Dataset records:
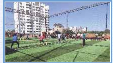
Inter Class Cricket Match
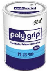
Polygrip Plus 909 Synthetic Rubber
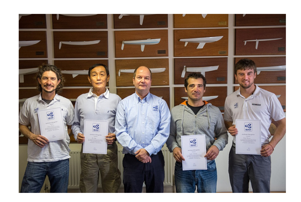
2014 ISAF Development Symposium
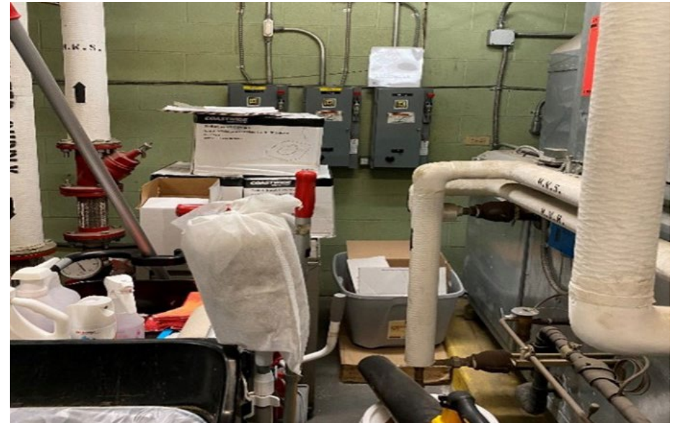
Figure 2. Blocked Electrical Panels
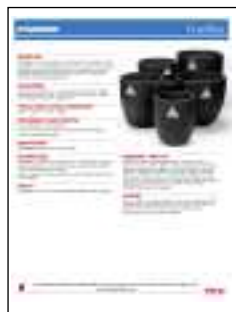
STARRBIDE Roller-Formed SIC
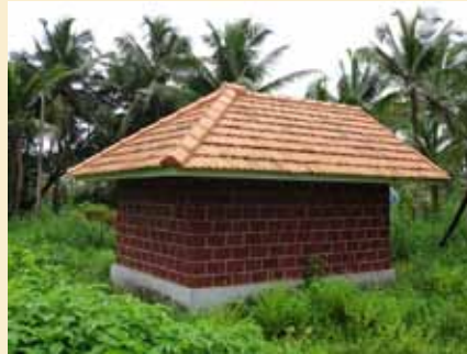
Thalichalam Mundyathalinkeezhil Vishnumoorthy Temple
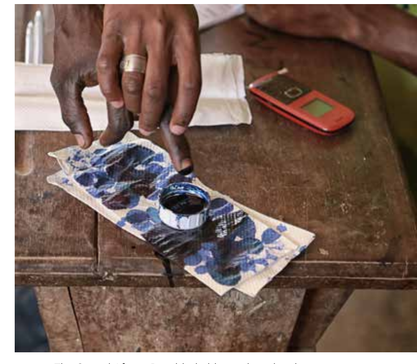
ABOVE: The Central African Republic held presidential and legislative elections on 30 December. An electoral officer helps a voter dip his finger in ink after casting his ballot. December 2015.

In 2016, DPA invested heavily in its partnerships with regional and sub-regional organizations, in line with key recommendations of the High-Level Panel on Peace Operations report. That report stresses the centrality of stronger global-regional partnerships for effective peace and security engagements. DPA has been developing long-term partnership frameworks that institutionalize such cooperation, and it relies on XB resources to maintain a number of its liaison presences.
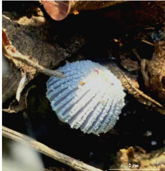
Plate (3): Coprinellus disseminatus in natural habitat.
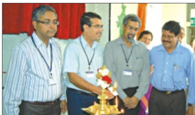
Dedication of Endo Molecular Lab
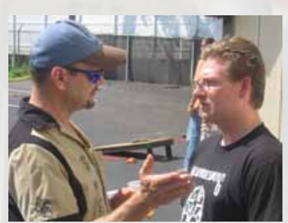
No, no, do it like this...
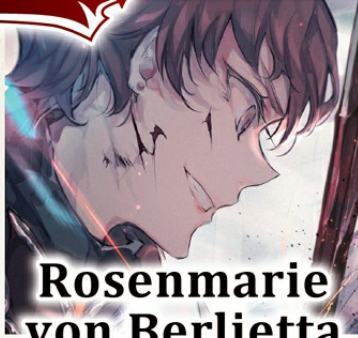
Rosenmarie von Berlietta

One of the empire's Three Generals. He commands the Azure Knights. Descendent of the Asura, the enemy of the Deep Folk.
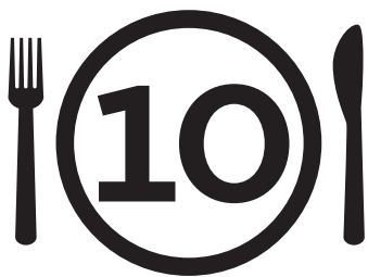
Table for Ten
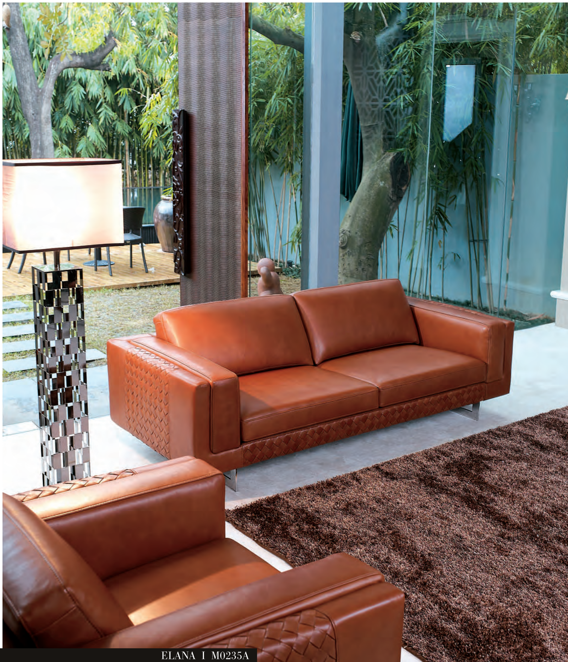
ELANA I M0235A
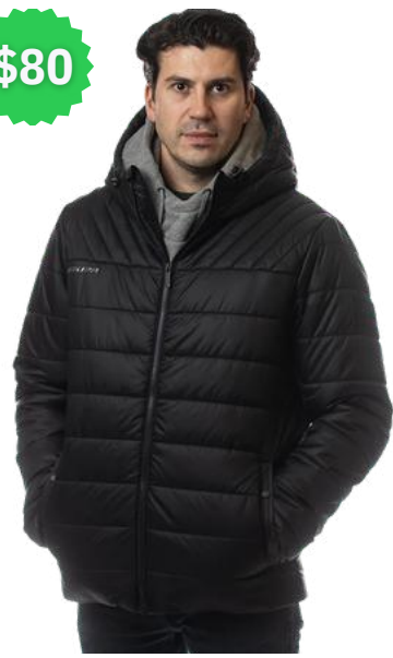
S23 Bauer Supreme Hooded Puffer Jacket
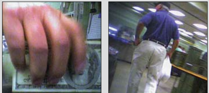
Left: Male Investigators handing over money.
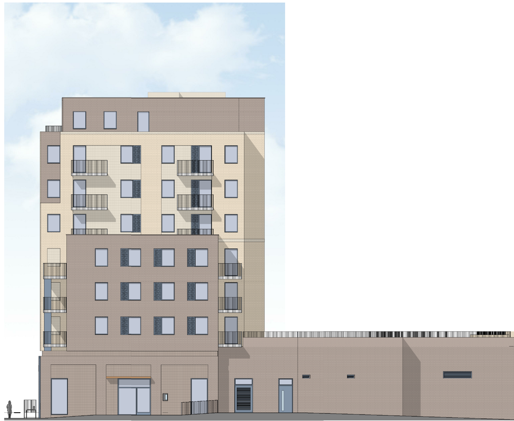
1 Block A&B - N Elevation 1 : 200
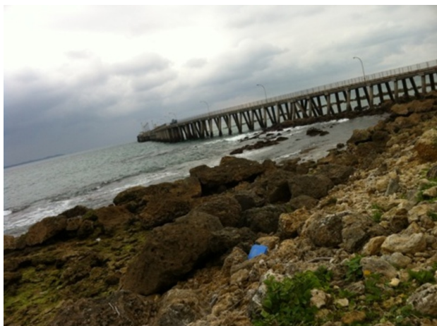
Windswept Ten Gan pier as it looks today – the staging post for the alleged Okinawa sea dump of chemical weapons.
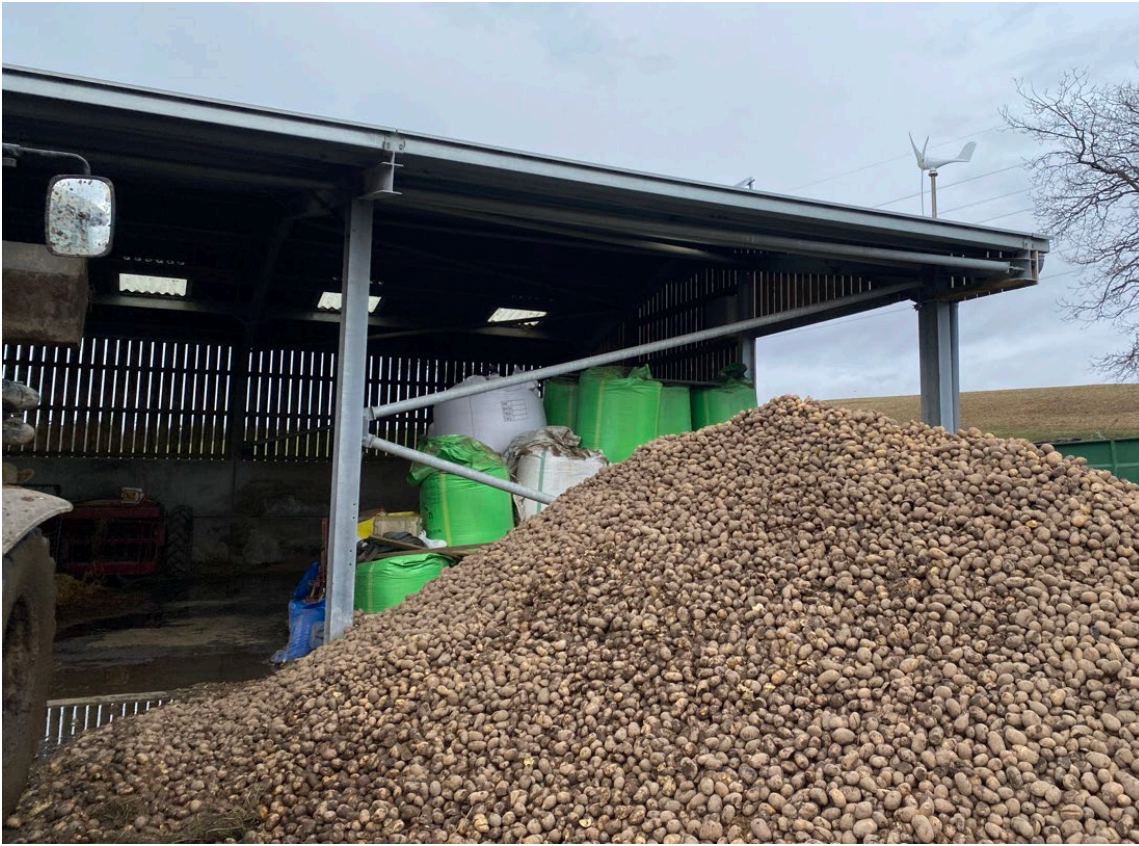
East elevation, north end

— Task to complete —
What is needed is an exact copy of the entries, without any images.

— Response below —
Inter Class Cricket Match
Polygrip Plus 909 Synthetic Rubber
2014 ISAF Development Symposium
Figure 2. Blocked Electrical Panels
STARRBIDE Roller-Formed SIC
Thalichalam Mundyathalinkeezhil Vishnumoorthy Temple
ABOVE: The Central African Republic held presidential and legislative elections on 30 December. An electoral officer helps a voter dip his finger in ink after casting his ballot. December 2015.

In 2016, DPA invested heavily in its partnerships with regional and sub-regional organizations, in line with key recommendations of the High-Level Panel on Peace Operations report. That report stresses the centrality of stronger global-regional partnerships for effective peace and security engagements. DPA has been developing long-term partnership frameworks that institutionalize such cooperation, and it relies on XB resources to maintain a number of its liaison presences.
Plate (3): Coprinellus disseminatus in natural habitat.
Dedication of Endo Molecular Lab
No, no, do it like this...
Rosenmarie von Berlietta

One of the empire's Three Generals. He commands the Azure Knights. Descendent of the Asura, the enemy of the Deep Folk.
Table for Ten
ELANA I M0235A
S23 Bauer Supreme Hooded Puffer Jacket
Left: Male Investigators handing over money.
1 Block A&B - N Elevation 1 : 200
Windswept Ten Gan pier as it looks today – the staging post for the alleged Okinawa sea dump of chemical weapons.
East elevation, north end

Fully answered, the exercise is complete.